Bloom filters are very simple. Take a big array of bits, initially all zero. Then take the things you want to look up (in our case we’ll use a dictionary of words). Produce n independent hash values for each word. Each hash is a number which is used to set the corresponding bit in the array of bits. Sometimes there’ll be clashes, where the bit will already be set from some other word. This doesn’t matter.

To check to see of a new word is already in the dictionary, perform the same hashes on it that you used to load the bitmap. Then check to see if each of the bits corresponding to these hash values is set. If any bit is not set, then you never loaded that word in, and you can reject it.

The Bloom filter reports a false positive when a set of hashes for a word all end up corresponding to bits that were set previously by other words. In practice this doesn’t happen too often as long as the bitmap isn’t too heavily loaded with one-bits (clearly if every bit is one, then it’ll give a false positive on every lookup). There’s a discussion of the math in Bloom filters at www.cs.wisc.edu/~cao/papers/summary-cache/node8.html.

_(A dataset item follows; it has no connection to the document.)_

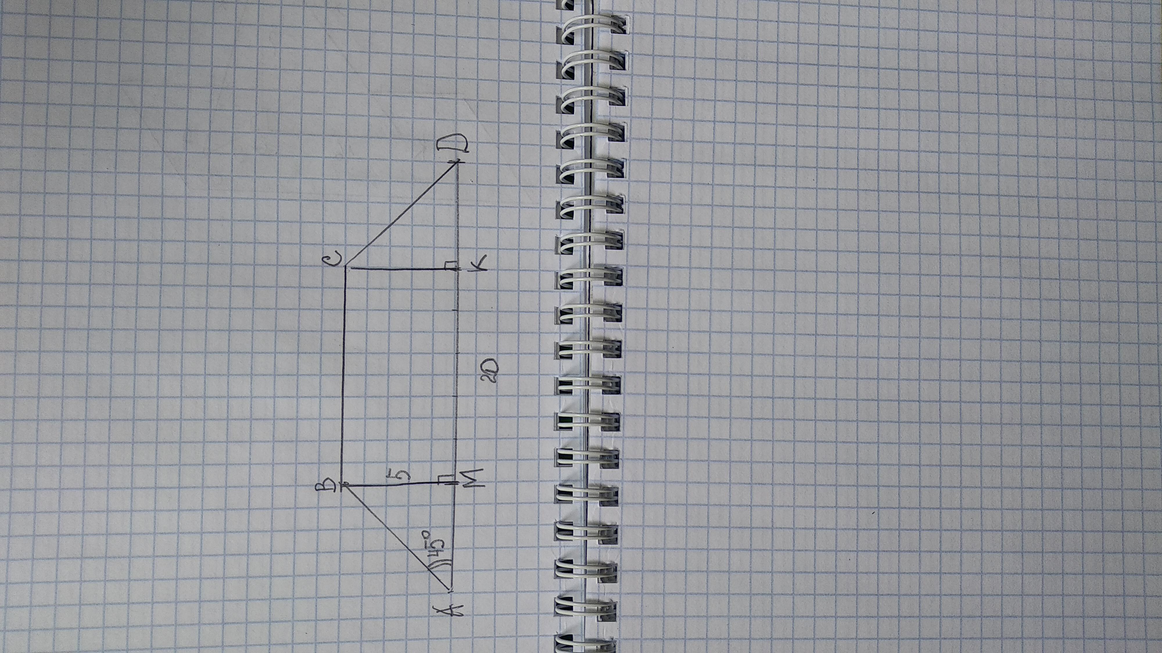 т.к. ∠ВАМ=45°, то и ∠АВМ=45°, т.к. сумма острых углов в прямоугольном ΔАВМ равна 90°, тогда АМ=ВМ=5 см, если опустить СК⊥АD, К∈AD, тогда МК=ВС=(20-2*5)=10(см)

So, this kata is fairly straightforward. Implement a Bloom filter based spell checker. You’ll need some kind of bitmap, some hash functions, and a simple way of reading in the dictionary and then the words to check. For the hash function, remember that you can always use something that generates a fairly long hash (such as MD5) and then take your smaller hash values by extracting sequences of bits from the result. On a Unix box you can find a list of words in /usr/dict/words (or possibly in /usr/share/dict/words). For others, I’ve put a word list up at pragprog.com/katadata/wordlist.txt.

Play with using different numbers of hashes, and with different bitmap sizes.

Preliminary Thoughts

Well I need to understand how to create a hash function in R. Then how to limit the range of the hash function between 1 and m.Where do I get to code a hash function ? What is MD5 ? Is it just one function or range of functions ?

I think I need to experiment with digest package === My Workings

> library(digest)
> hex2bin <- function(x) {
     bin <- apply(outer(0:15, 3:0, function(x, y) x%/%(2^y)%%2),
         1, paste, collapse = "")
     names(bin) <- format.hexmode(0:15)
     sapply(strsplit(x, ""), function(x) paste(bin[x], collapse = ""))
 }
> bin2val <- function(input) {
     input.bits = unlist(strsplit(input, NULL))
     base = 2^(15:0)
     return(sum(base * as.numeric(input.bits)))
 }
> bincutter <- function(input) {
     rel.indices <- cbind(seq(1, 128, by = 16), seq(0, 128, by = 16)[-1])
     x <- c(apply(rel.indices, 1, function(x) substr(input, x[1],
         x[2])))
     y <- sapply(x, bin2val)
     return(as.vector(y))
 }
> f <- read.delim("words.txt", stringsAsFactors = FALSE)
> colnames(f) <- c("word")
> status <- as.data.frame(cbind(regexpr("[^ a-zA-Z]", f$word)))
> sanitized <- as.data.frame(f$word[c(status < 0)])
> colnames(sanitized) <- c("word")
> model <- sanitized[1:7500, 1, drop = F]
> model$hex <- apply(model, 1, function(x) digest(x))
> model$bin <- apply(model, 1, function(x) hex2bin(x[2]))
> model.bin <- model[, c("bin"), drop = F]
> hashval <- t(apply(model.bin, 1, bincutter))
> n <- dim(model)[1]
> ratio <- 30
> m <- ratio * n
> hashval <- hashval%%m
> final.res <- numeric(m)
> final.res[c(hashval)] <- 1
> test <- sanitized[35001:38000, 1, drop = F]
> test$hex <- apply(test, 1, function(x) digest(x))
> test$bin <- apply(test, 1, function(x) hex2bin(x[2]))
> test.bin <- test[, c("bin"), drop = F]
> testval <- t(apply(test.bin, 1, bincutter))
> testval <- testval%%m
> test.word <- function(x) {
     check.sum <- sum(final.res[c(x)] == 0)
     if (check.sum > 0) {
         return(0)
     }
     else {
         return(1)
     }
 }
> test.results <- apply(testval, 1, test.word)
> table(test.results)
test.results
   0    1
2944   56
> mean(test.results == 1)
[1] 0.01866667

False positives are around 0.0186666666666667

Learnings

  • Found digest package that uses MD5 to give a hash function that can be used to generate a 32 bit hexa decimal string
  • Found a nice hack to convert hex to bin
  • Understood the concept of bloom filters. Beautiful learning
  • Got some nice practice of R commands